2 - Abusing the internet with popular search engine technologies

This text introduces the reader to the potential use of Google when attacking a network. Internet search engine Spiders have been partly responsible for a multitude of very successful penetrations to otherwise, reasonably secure sites and networks. By using search engines it is possible to gather data from web servers that could be seen as sensitive.

eZine's profile picture
Published in 
open security
 · 22 Dec 2022

by c0ntex | c0ntexb[at]gmail.com

When you think of a search engine, you probably conjure up an image of the handy, html based site that can help you find those RFC's, wiring diagrams, soft-warez, serial keys or questionable images, depending on your taste. You've probably used generic search engines like Google, Yahoo, MSN, Lycos & Hotbot a trillion times without considering even the possibility that it could be used to support an attack attempt.

Due to the sheer volume of HTTP based attacks, one has to consider than anything utilising HTTP is a serious theoretical attack vector. Too many people feel happy in the knowledge that only HTTP holes are punched in the firewall, if the server daemon is patched and user input locations are verified as safe then there is no need to worry. This is a serious misconception that one should avoid.

HTTP fingerprinting, SQL Injection, malformed header injections, XXS, cookie fun, every conceivable form of web based application or service attack can be managed by your security infrastructure. Yet what is the use in having any of this preventative security to protect your data from prying eyes, when you have allowed search bots to come in happily and crawl all web servers.

Taken from the Berkely teaching guide, stating that Spiders are:

"Computer robot programs, referred to sometimes as "crawlers" or"knowledge-bots" or "knowbots" that are used by search engines to roam the World Wide Web via the Internet, visit sites and databases, and keep the search engine database of web pages up to date. They obtain new pages, update known pages, and delete obsolete ones. Their findings are then integrated into the "home" database".

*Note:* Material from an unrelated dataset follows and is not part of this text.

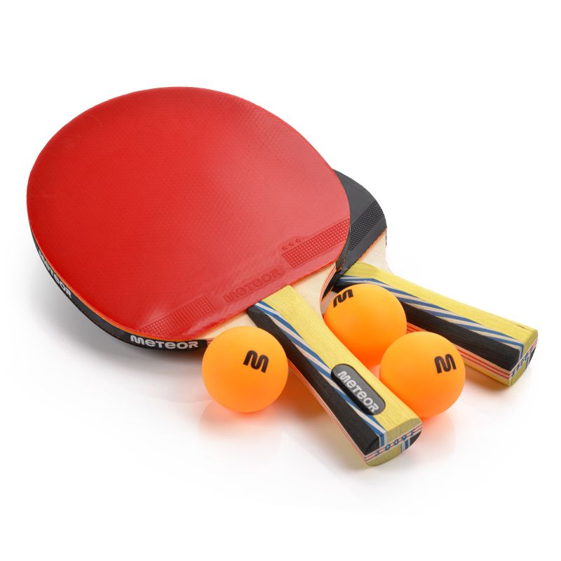 Zestaw do tenisa stołowego zawierający 2 rakietki i 3 piłeczki.

When any powerful technology is utilised by a curious mind, possessing advanced knowledge of the internal workings, it becomes easy to transform the technology into a potentially malicious weapon. In this case, the engine soon becomes an advanced data-gathering tool for attackers. Everyone knows about RFP's web mining tool called Whisker, yet not everyone is aware that a search engine can do the same...and more.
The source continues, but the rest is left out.